The url.PathEscape function is preferred

The previous paper has summarized the coding operation of Go, PHP and JS to +Gopher, and the following is a summary of the two-dimensional table of whether the corresponding decoding operation is feasible.

Encoding/decoding url.QueryUnescape url.PathUnescape urldecode rawurldecode decodeURI decodeURIComponent
url.QueryEscape Y N Y N N N
url.PathEscape N Y N YY Y YY
urlencode Y N Y N N N
rawurlencode Y YY Y Y N Y
encodeURI N Y N Y Y Y
encodeURIComponent Y YY Y Y N Y

YY and Y in the above table have the same meaning, Lao Xu only refers to YY. Url. PathEscape is recommended for encoding in Go, and Rawurldecode and decodeURIComponent are recommended for decoding in PHP and JS respectively.

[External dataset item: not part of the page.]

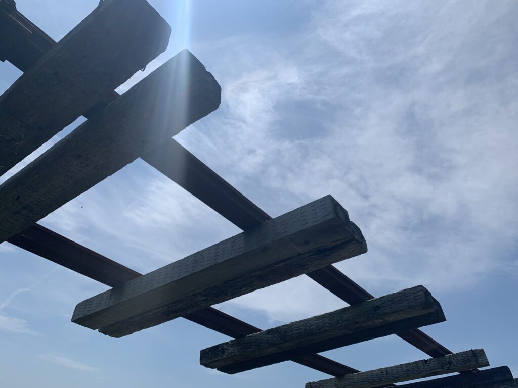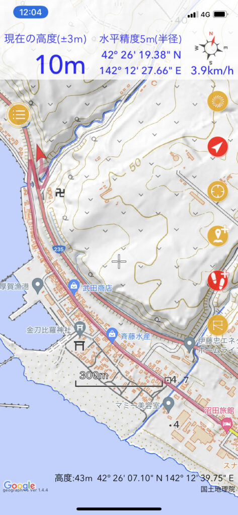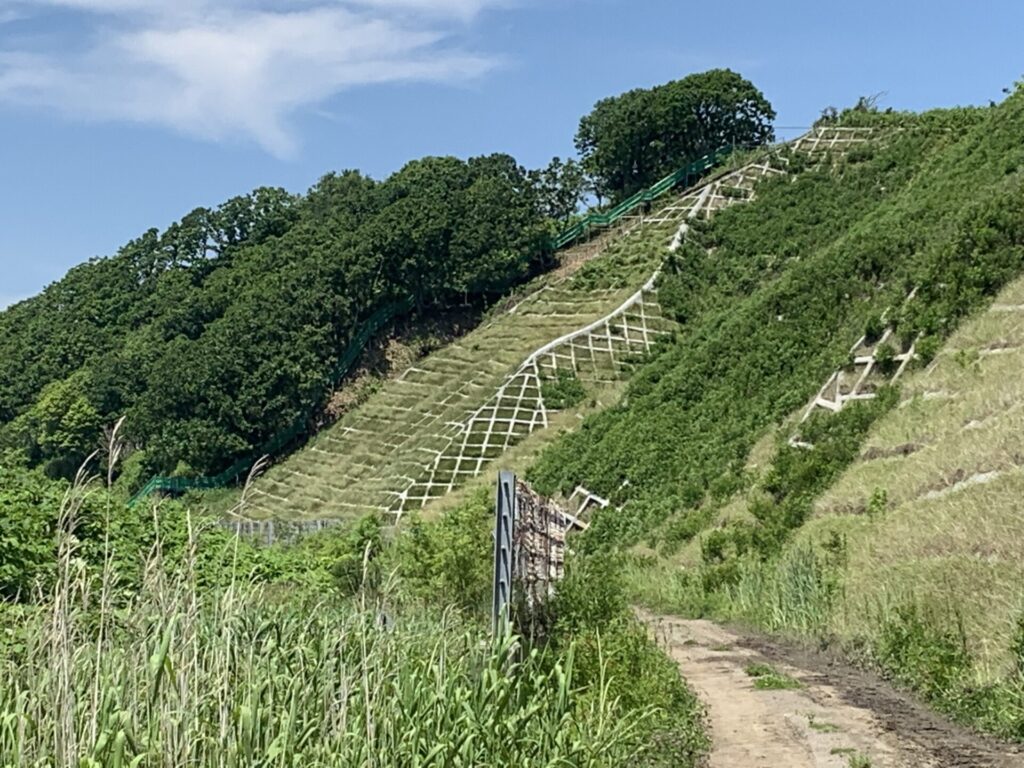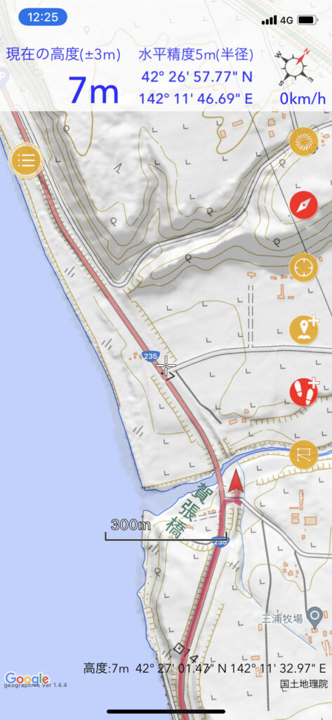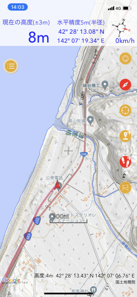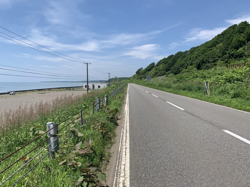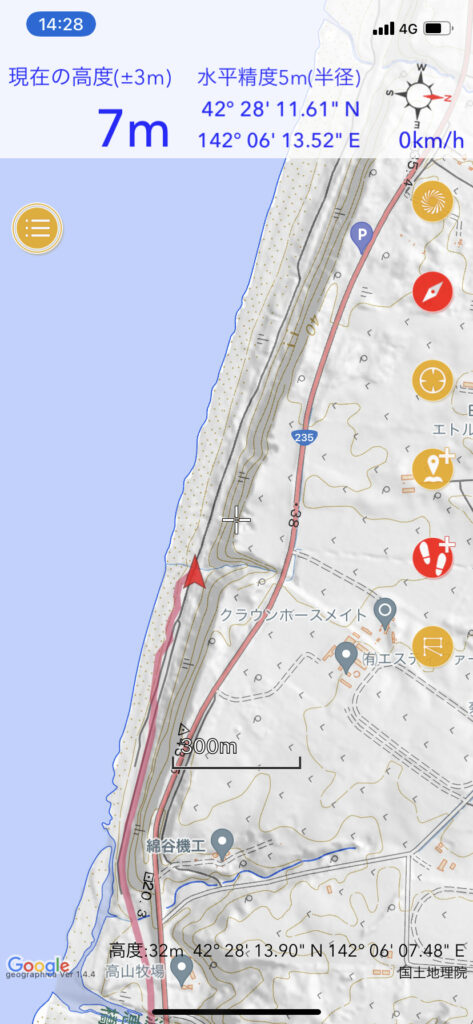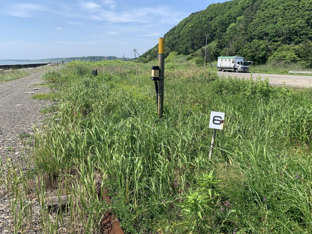 ▼海岸へ向かう 海岸擁壁の天端を進む。

In the actual development process, there must be some scenes that need to be decoded in Gopher. At this time, it is necessary to communicate with the URL encoder to get a proper way of decoding.

Encode values

Is there a universal way to do this that doesn’t require URL codec? No doubt there is! Take base32 encoding as an example, its encoding character set is A-Z and numbers 2-7. In this case, url encoding is not required after base32 encoding of values.

Finally, I sincerely hope that this article can be of some help to all readers.

This article uses Console with PHP 7.3.29, Go 1.16.6, and JS Chrome94.0.4606.71 respectively

reference

  • www.rfc-editor.org/rfc/rfc2396…
  • www.w3schools.com/tags/ref_ur…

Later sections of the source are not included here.